## [Problem to solve]
Word for word, transcribe the lines below and drop the pictures.

....

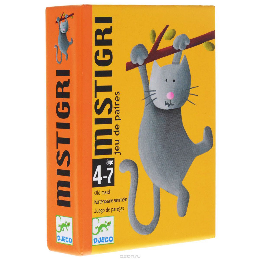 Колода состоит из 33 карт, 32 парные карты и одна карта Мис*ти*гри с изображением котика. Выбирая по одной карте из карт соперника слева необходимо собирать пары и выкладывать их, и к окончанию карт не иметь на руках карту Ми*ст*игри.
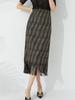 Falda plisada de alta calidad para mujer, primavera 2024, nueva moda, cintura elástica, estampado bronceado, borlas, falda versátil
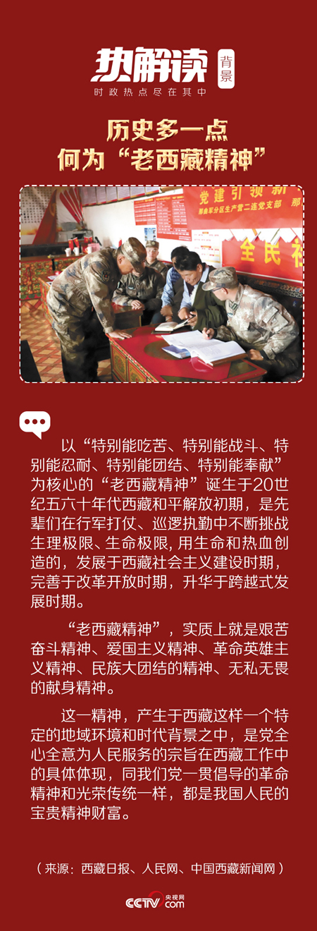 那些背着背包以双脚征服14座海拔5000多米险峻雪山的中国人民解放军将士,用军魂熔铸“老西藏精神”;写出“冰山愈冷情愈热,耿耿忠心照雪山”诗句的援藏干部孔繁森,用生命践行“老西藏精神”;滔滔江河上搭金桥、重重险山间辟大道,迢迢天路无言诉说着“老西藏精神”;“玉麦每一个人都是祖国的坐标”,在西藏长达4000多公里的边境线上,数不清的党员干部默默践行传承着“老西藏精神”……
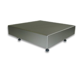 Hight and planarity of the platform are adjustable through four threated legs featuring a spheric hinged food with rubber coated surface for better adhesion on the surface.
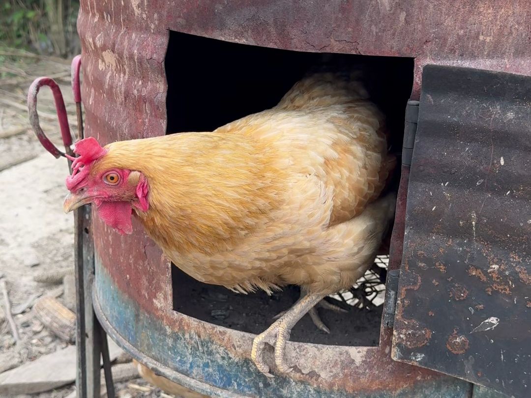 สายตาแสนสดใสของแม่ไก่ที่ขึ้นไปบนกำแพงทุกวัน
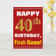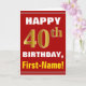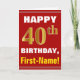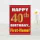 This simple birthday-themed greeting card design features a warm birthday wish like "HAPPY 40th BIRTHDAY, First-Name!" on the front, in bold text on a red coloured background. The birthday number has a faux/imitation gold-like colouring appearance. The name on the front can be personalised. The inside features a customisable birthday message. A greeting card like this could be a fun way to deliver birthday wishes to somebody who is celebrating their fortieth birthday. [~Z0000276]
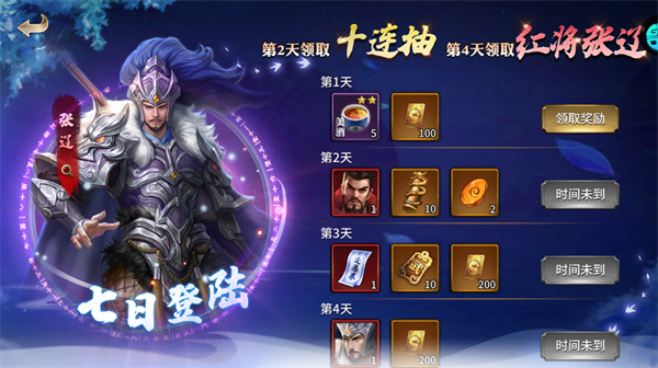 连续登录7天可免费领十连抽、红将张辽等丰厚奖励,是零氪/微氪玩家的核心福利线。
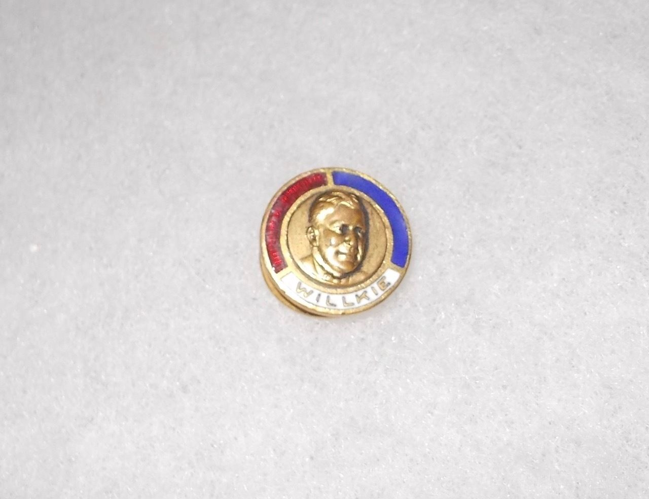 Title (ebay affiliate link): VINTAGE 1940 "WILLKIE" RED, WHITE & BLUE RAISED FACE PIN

....

## [Written solution]
 Колода состоит из 33 карт, 32 парные карты и одна карта Мис*ти*гри с изображением котика. Выбирая по одной карте из карт соперника слева необходимо собирать пары и выкладывать их, и к окончанию карт не иметь на руках карту Ми*ст*игри.
 Falda plisada de alta calidad para mujer, primavera 2024, nueva moda, cintura elástica, estampado bronceado, borlas, falda versátil
 那些背着背包以双脚征服14座海拔5000多米险峻雪山的中国人民解放军将士,用军魂熔铸“老西藏精神”;写出“冰山愈冷情愈热,耿耿忠心照雪山”诗句的援藏干部孔繁森,用生命践行“老西藏精神”;滔滔江河上搭金桥、重重险山间辟大道,迢迢天路无言诉说着“老西藏精神”;“玉麦每一个人都是祖国的坐标”,在西藏长达4000多公里的边境线上,数不清的党员干部默默践行传承着“老西藏精神”……
 Hight and planarity of the platform are adjustable through four threated legs featuring a spheric hinged food with rubber coated surface for better adhesion on the surface.
 สายตาแสนสดใสของแม่ไก่ที่ขึ้นไปบนกำแพงทุกวัน
 This simple birthday-themed greeting card design features a warm birthday wish like "HAPPY 40th BIRTHDAY, First-Name!" on the front, in bold text on a red coloured background. The birthday number has a faux/imitation gold-like colouring appearance. The name on the front can be personalised. The inside features a customisable birthday message. A greeting card like this could be a fun way to deliver birthday wishes to somebody who is celebrating their fortieth birthday. [~Z0000276]
 连续登录7天可免费领十连抽、红将张辽等丰厚奖励,是零氪/微氪玩家的核心福利线。
 Title (ebay affiliate link): VINTAGE 1940 "WILLKIE" RED, WHITE & BLUE RAISED FACE PIN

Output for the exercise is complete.